__Task details__: Extract the lines from the first one in the records below through the line containing "주말도 아닌 주중에 진행된", keeping both ends and leaving out any pictures.

---------- The input ----------

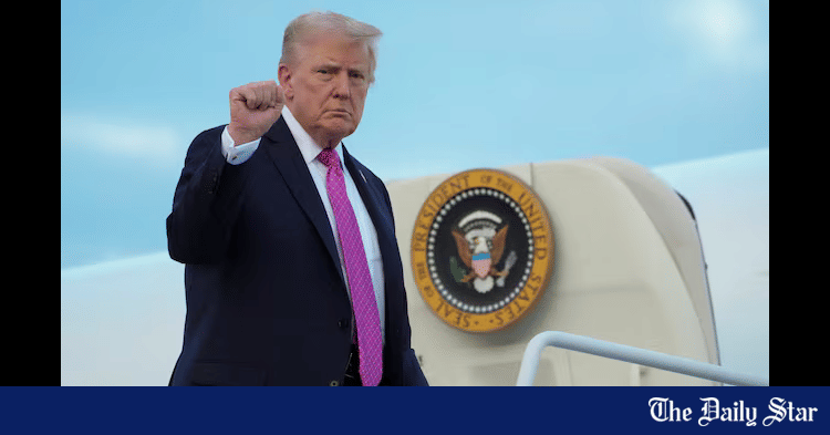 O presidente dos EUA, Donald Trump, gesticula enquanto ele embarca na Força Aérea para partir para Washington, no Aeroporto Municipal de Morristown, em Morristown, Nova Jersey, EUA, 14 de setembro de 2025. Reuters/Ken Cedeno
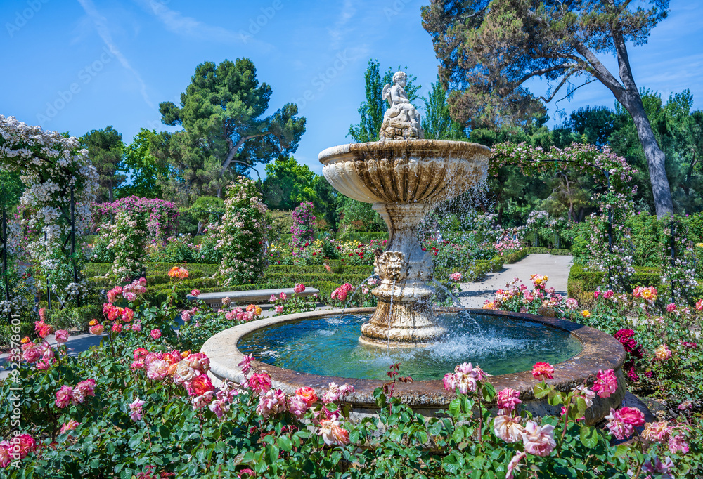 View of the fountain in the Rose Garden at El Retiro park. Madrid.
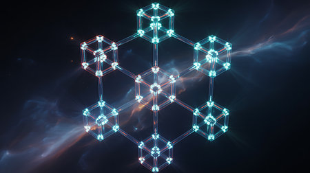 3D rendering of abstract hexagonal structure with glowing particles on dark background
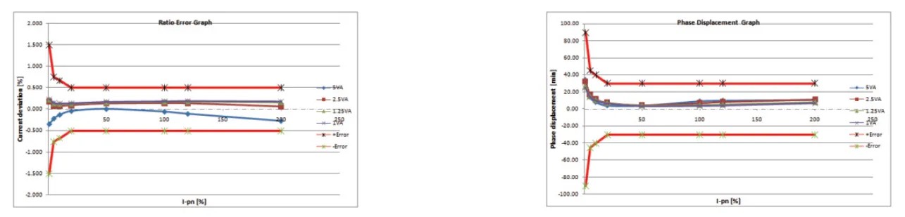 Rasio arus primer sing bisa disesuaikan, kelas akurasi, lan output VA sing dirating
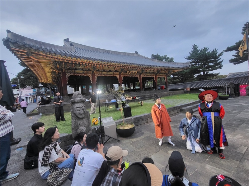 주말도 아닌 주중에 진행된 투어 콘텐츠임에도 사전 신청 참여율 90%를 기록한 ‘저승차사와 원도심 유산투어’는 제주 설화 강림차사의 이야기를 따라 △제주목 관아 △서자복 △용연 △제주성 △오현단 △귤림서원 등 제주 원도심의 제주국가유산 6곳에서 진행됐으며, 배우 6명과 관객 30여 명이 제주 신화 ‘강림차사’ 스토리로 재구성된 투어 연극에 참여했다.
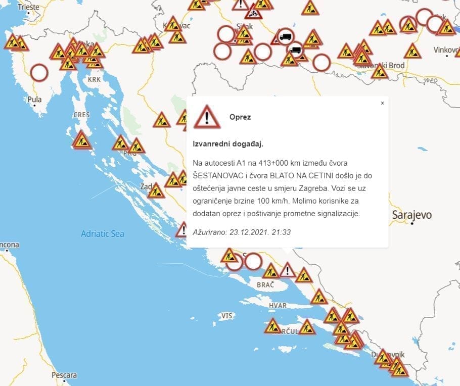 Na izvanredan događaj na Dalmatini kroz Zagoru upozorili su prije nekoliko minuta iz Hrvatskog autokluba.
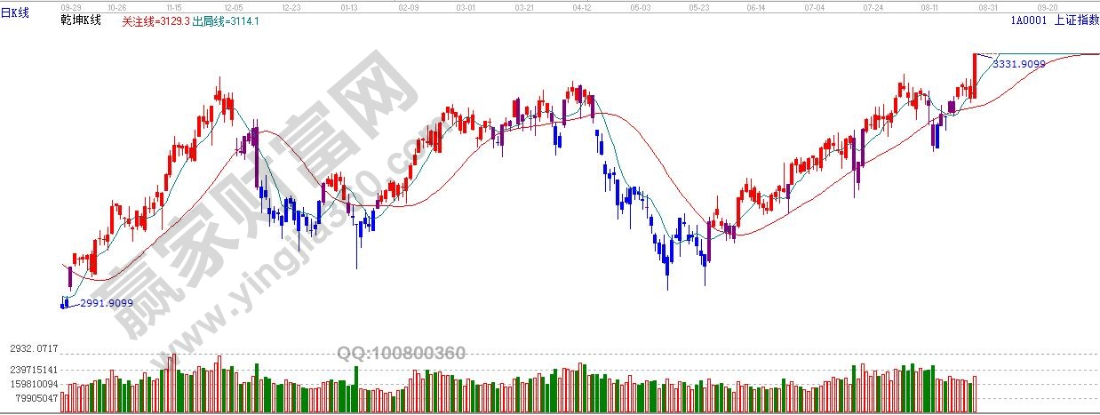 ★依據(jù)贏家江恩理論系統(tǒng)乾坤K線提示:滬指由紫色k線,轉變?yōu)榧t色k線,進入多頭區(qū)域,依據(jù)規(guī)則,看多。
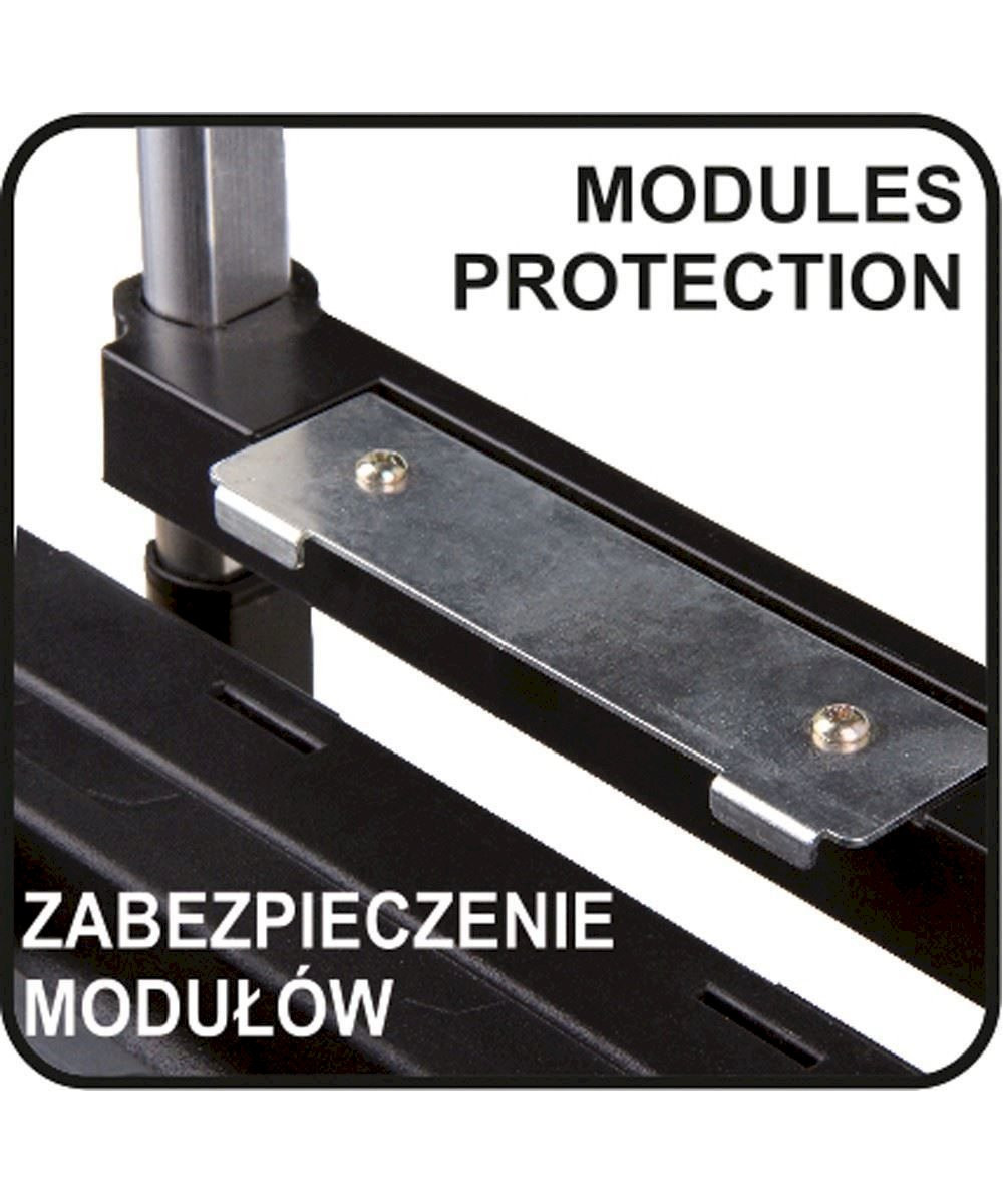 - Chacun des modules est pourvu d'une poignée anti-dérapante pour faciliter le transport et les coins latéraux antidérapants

----------

__Solution to the exercise__:
 O presidente dos EUA, Donald Trump, gesticula enquanto ele embarca na Força Aérea para partir para Washington, no Aeroporto Municipal de Morristown, em Morristown, Nova Jersey, EUA, 14 de setembro de 2025. Reuters/Ken Cedeno
 View of the fountain in the Rose Garden at El Retiro park. Madrid.
 3D rendering of abstract hexagonal structure with glowing particles on dark background
 Rasio arus primer sing bisa disesuaikan, kelas akurasi, lan output VA sing dirating
 주말도 아닌 주중에 진행된 투어 콘텐츠임에도 사전 신청 참여율 90%를 기록한 ‘저승차사와 원도심 유산투어’는 제주 설화 강림차사의 이야기를 따라 △제주목 관아 △서자복 △용연 △제주성 △오현단 △귤림서원 등 제주 원도심의 제주국가유산 6곳에서 진행됐으며, 배우 6명과 관객 30여 명이 제주 신화 ‘강림차사’ 스토리로 재구성된 투어 연극에 참여했다.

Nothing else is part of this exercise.